## Exam 1

1. #### Question

It is suspected that a supplier systematically underfills 5 l canisters of detergent. The filled volumes are assumed to be normally distributed. A small sample of $14$ canisters is measured exactly. This shows that the canisters contain on average $4957.4$ ml. The sample variance ${s}_{n-1}^{2}$ is equal to $1176.3$.
Determine a $95%$ confidence interval for the average content of a canister (in ml).

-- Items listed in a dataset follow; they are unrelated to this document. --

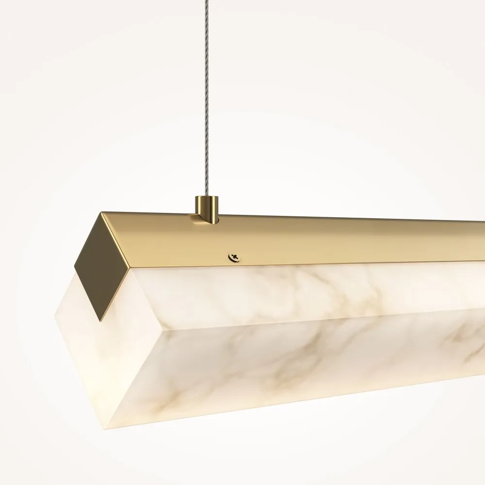 Арматруа - металл, цвет латунь. Световой слот из натурального камня с мраморным рисунком эффектно обрамляет латунный остов образуя форму ромба. Регулируемаядлина тросов - 3 метра. LED-источник света, цветовая температура 3000К. Завораживающее свечение каменного слота при включенном свете.
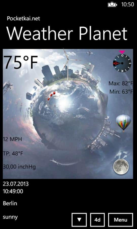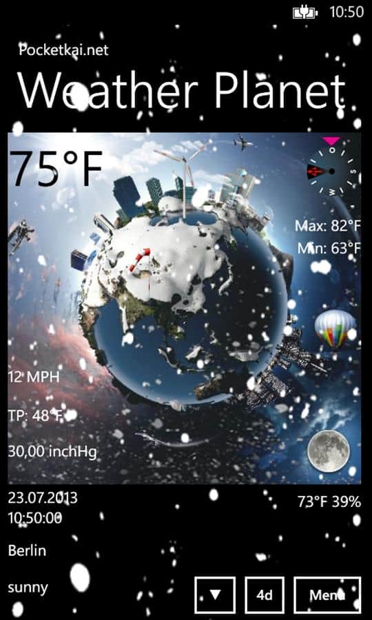 Weather Planet - usa tu teléfono como una verdadera estación meteorológica. Que muestra la temperatura, la humedad, la velocidad del viento, la dirección del viento y el barómetro son mayores que los valores donde es poco probable que te encuentres. Gracias a un diseño así, observar el clima ahora se ha vuelto mucho más interesante y emocionante.
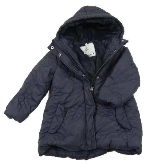 Tmavomodrá kvetinová šušťáková zimná bunda s kapucňou Topolino
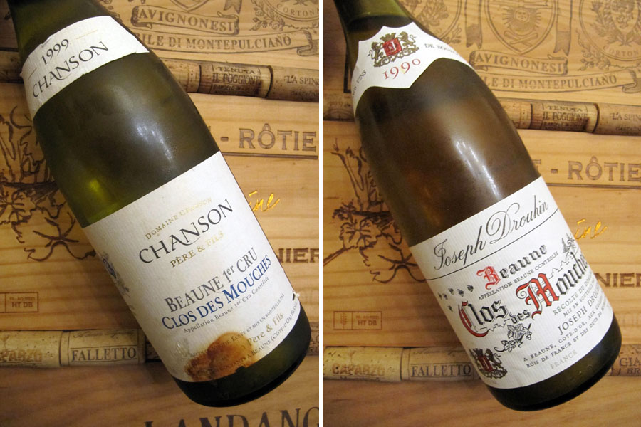 Domaine Chanson, Beaune 1er Cru „Clos des Mouches, 1999 (foto 5a)Vinařství sídlící v Beaune, vlastní 43 ha vinic, ale funguje také jako négociant. Od roku 1999 patří Bollingeru. Vinohrad „Clos de Mouches“ má ambice stát se Grand Cru. Má rozlohu 25 ha a leží na hranici s Pommard. Víno je od vůně hodně mladé, jemné a ženské, s bílými květy, minerálně-ovocné (bílé plody, bílý meloun, citrusy), s tóny mandlí a citelnou slaností. Chuť dokonale navazuje. Víno má pevnou a přesnou strukturu, je elegantní, harmonické, s jemnou texturou, dlouhou perzistencí a dlouhým potenciálem zrání. Nikdo by mu nehádal více než 10 let. Skvělé.
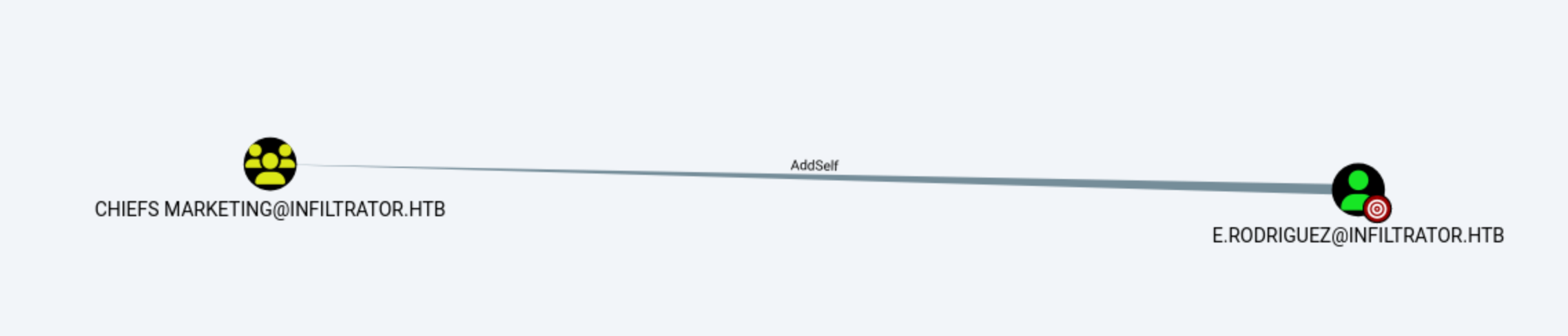 bloodyAD --host "dc01.infiltrator.htb" -d "infiltrator.htb" --dc-ip 10.10.11.31 -u e.rodriguez -p "@wither123456" -k add groupMember "CN=CHIEFS MARKETING,CN=USERS,DC=INFILTRATOR,DC=HTB" e.rodriguez
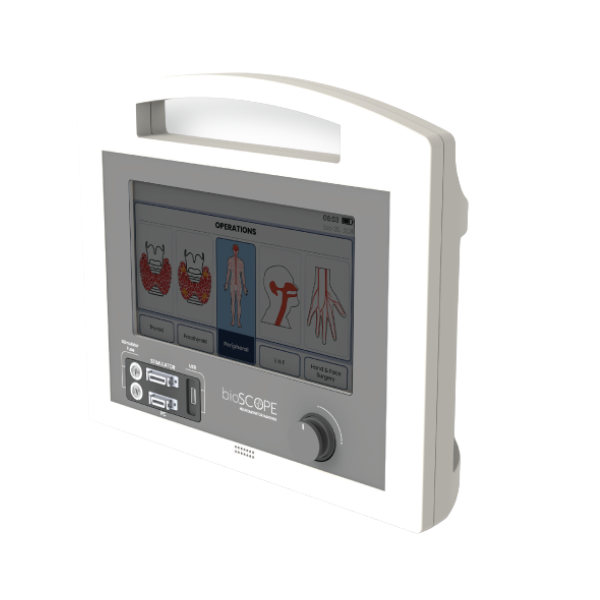 Bioscope intraoperative neuromonitor is essential for eliminating or minimizing the neurologic damages. Neuro-monitorization enables to assess the functional integrity of the neural structures under the risk of damage. It is a system that helps the surgeon for the purpose of protecting the patient health by monitoring visually and aurally the nerves under risk during bioscope thyroid, parathyroid, hand and face surgery.
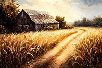 Dit prachtige ontwerp toont een rustiek tafereel van een oude houten schuur, genesteld in een gouden tarweveld. De warme, aardse kleuren en zachte penseelstreken geven een nostalgisch en serene uitstraling, perfect om een gevoel van warmte en comfort in huis te brengen. Het ontwerp ademt landelijke charme uit en brengt de rust van het platteland naar uw interieur. Een ideaal kunstwerk om sfeer te creëren in een woonkamer of eetkamer.
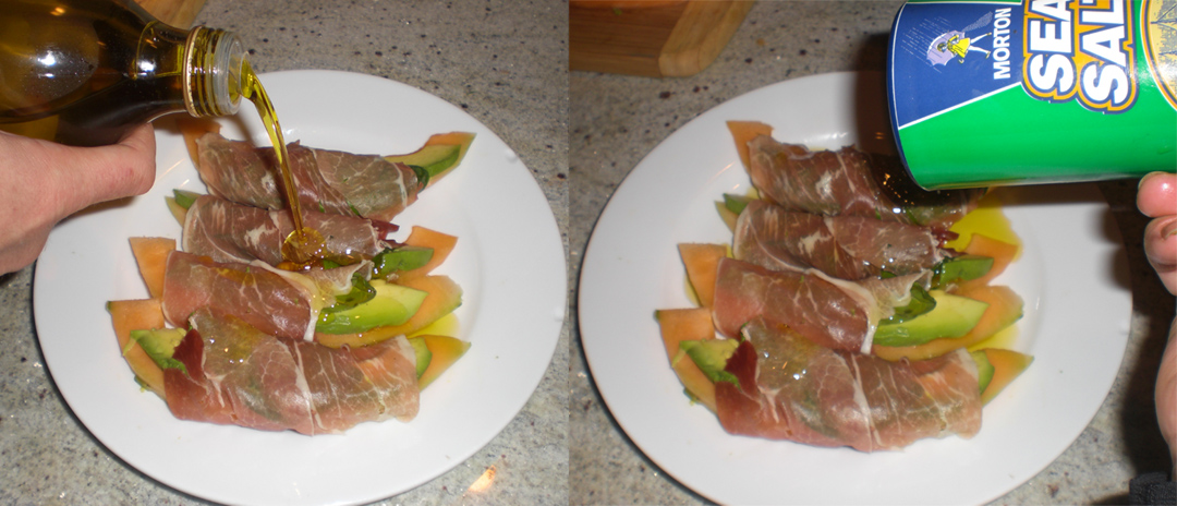 Put your wrapped cantaloupe slices on one plate. Pour olive oil over the lot then scatter some sea salt and serve it up. Who’s the player now? You are! Yes you can!
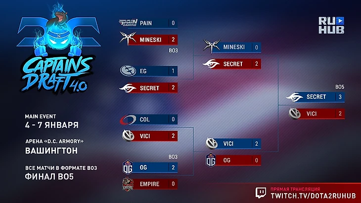 С 4 по 7 января в Вашингтоне, округ Колумбия, прошел первый в этом году рейтинговый турнир – майнор Captains Draft 4.0.
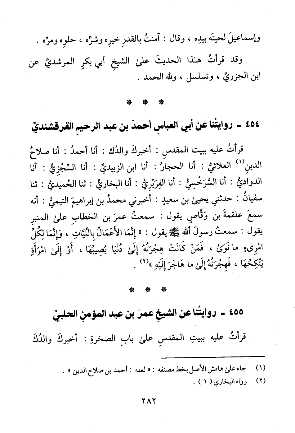 قرأتُ عليه ببيت المقدسِ: أخبركَ والدُك: أنا أحمدُ: أنا صلاحُ الدينِ (¬1) العلائيُّ: أنا الحجارُ: أنا ابن الزبيديِّ: أنا السِّجْزِيُّ: أنا الدواديُّ: أنا السَّرَخْسِيُّ: أنا الفِرَبْرِيُّ: أنا البخاريُّ: ثنا الحُميديُّ: ثنا سفيانُ: حدثني يحيى بن سعيدٍ: أخبرني محمدُ بن إبراهيمَ التيميُّ: أنه سمعَ علقمةَ بن وَقَّاصٍ يقول: سمعتُ عمرَ بن الخطابِ على المنبرِ يقول: سمعتُ رسولَ الله - صلى الله عليه وسلم - يقول: "إِنَّمَا الأَعْمَالُ بِالنِّيَّاتِ، وَإِنَّمَا لِكُلِّ امْرِىءٍ ما نَوَى، فَمَنْ كَانَتْ هِجْرَتُهُ إِلَى دُنْيَا يُصِيبُهَا، أَوْ إِلَى امْرَأَةٍ يَنكِحُهَا، فَهِجْرَتُهُ إِلَى ما هَاجَرَ إِلَيهِ" (¬2).
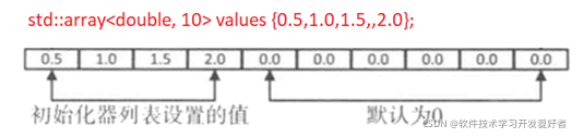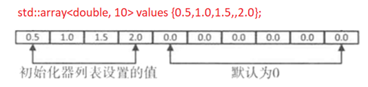 array 容器有多种初始化方式,如下代码展示了如何创建具有 10 个 double 类型元素的 array 容器:
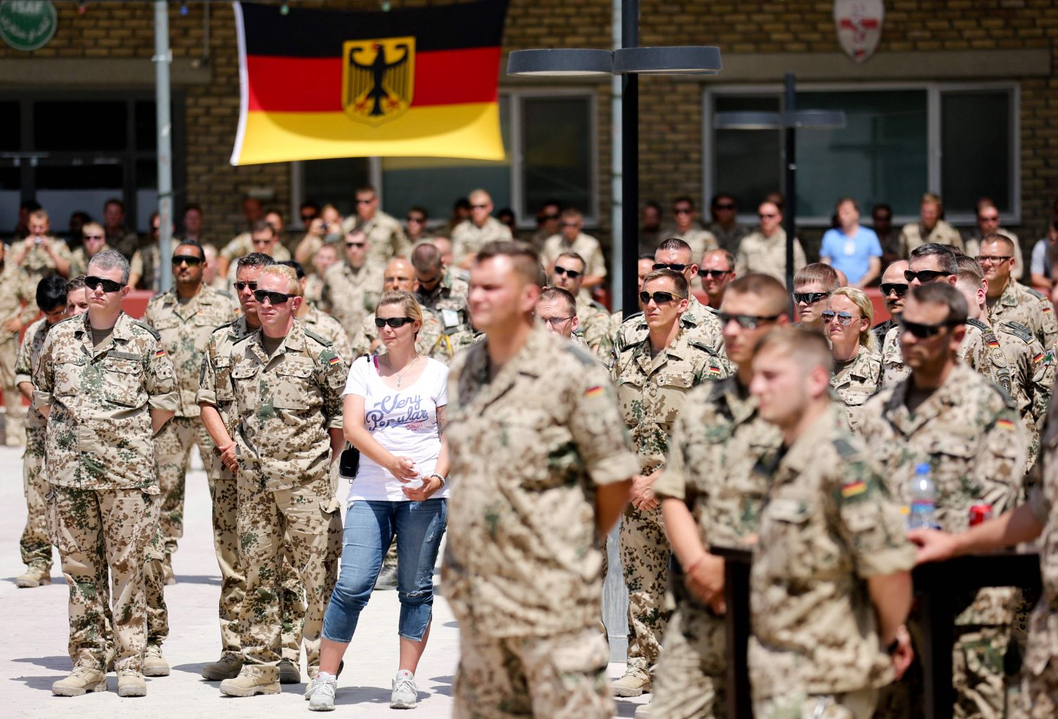 A 2013 photo shows Bundeswehr soldiers listening to a speech by the German Chancellor in Mazar-i-Sharif, Afghanistan.
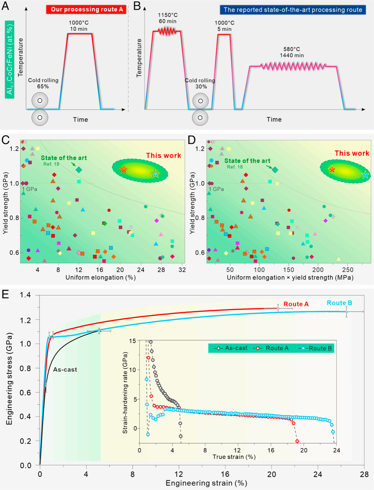 图2 Al0.7CoCrFeNi多主元合金的高效热处理工艺及优异力学性能组合
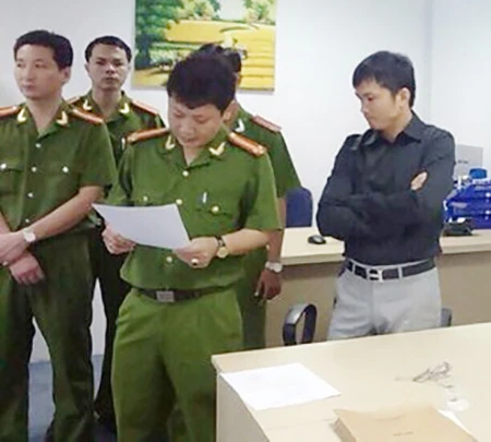 Công an đang đọc lệnh khám xét trụ sở Công ty Thiên Việt ở TP.HCM và lấy lời khai những người liên quan. Ảnh: BÙI TƯ
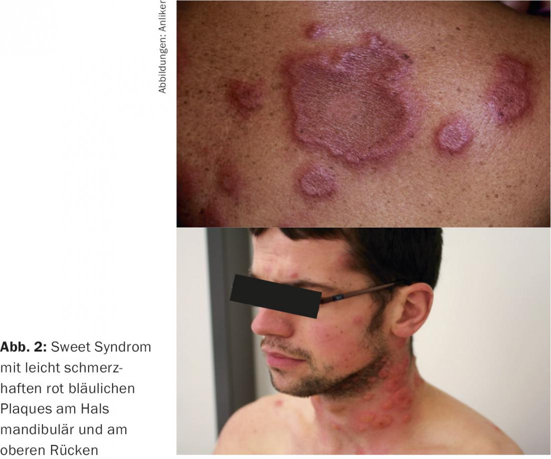 Since RA is strongly driven by the activity of the innate immune system, thus not only by autoantibodies, we find a frequent association with the so-called neutrophilic dermatoses, which are also readily referred to as autoinflammatory. These have mostly been classified accordingly in the recent past and include inflammatory dermatoses such as pyoderma gangrenosum, erythema nodosum, erythema elevatum et diutinum, and Sweet syndrome. In the latter case, which is not uncommon in RA patients, the affected person suffers from general symptoms such as fever, fatigue, swelling of the lymph nodes, greatly increased sedimentation and neutrophilia in the blood count, which is why an infectious process is often thought of. However, the appearance of strongly succulent, highly erythematous bluish plaques on the face, neck, and upper trunk are indicative (Fig. 2) . The diagnosis is made by histopathology, the combination of the various symptoms and the absence of infection. Sweet syndrome is very steroid sensitive.
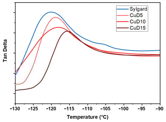 The effect of the dispersed fillers on the thermo-mechanical properties of crosslinked silicone composites was evaluated by DMTA. As reported in Table 2, the addition of the filler did not significantly influence the Tg of the crosslinked polymer matrix. Indeed, all the measured Tg lay within −125 °C and −115 °C. Figure 5 shows, as an example, the tanδ curves for the Sylgard containing spheroidal copper (all results are reported in Supplementary Materials Figures S6–S11). The increased Tg can be explained by the hindrance effect of the filler to the motion of PDSM chains. This result was in accordance with some previous researches [,,].
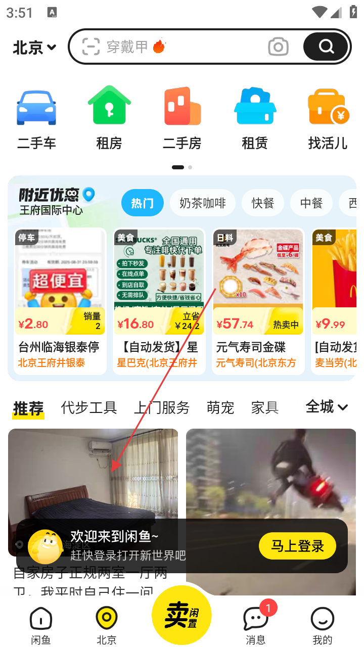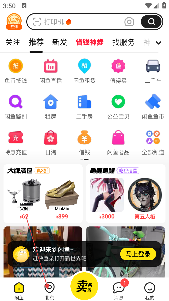 1、打开闲鱼APP,进入首页后,点击底部【北京】选项,可切换城市查看当地相关内容。

1. What is the lower confidence bound?
2. What is the upper confidence bound?

#### Solution

The $95%$ confidence interval for the average content $\mu$ in ml is given by:
 $\begin{array}{ccc}\multicolumn{1}{c}{}& \hfill & \left[\stackrel{‾}{y} - {t}_{n-1;0.975}\sqrt{\frac{{s}_{n-1}^{2}}{n}},\mathrm{ }\stackrel{‾}{y} + {t}_{n-1;0.975}\sqrt{\frac{{s}_{n-1}^{2}}{n}}\right]\hfill \\ \multicolumn{1}{c}{}& =\hfill & \left[4957.4 - 2.1604\sqrt{\frac{1176.3}{14}},\mathrm{ }4957.4 + 2.1604\sqrt{\frac{1176.3}{14}}\right]\hfill \\ \multicolumn{1}{c}{}& =\hfill & \left[4937.597, 4977.203\right].\hfill \end{array}$

1. The lower confidence bound is $4937.597$.
2. The upper confidence bound is $4977.203$.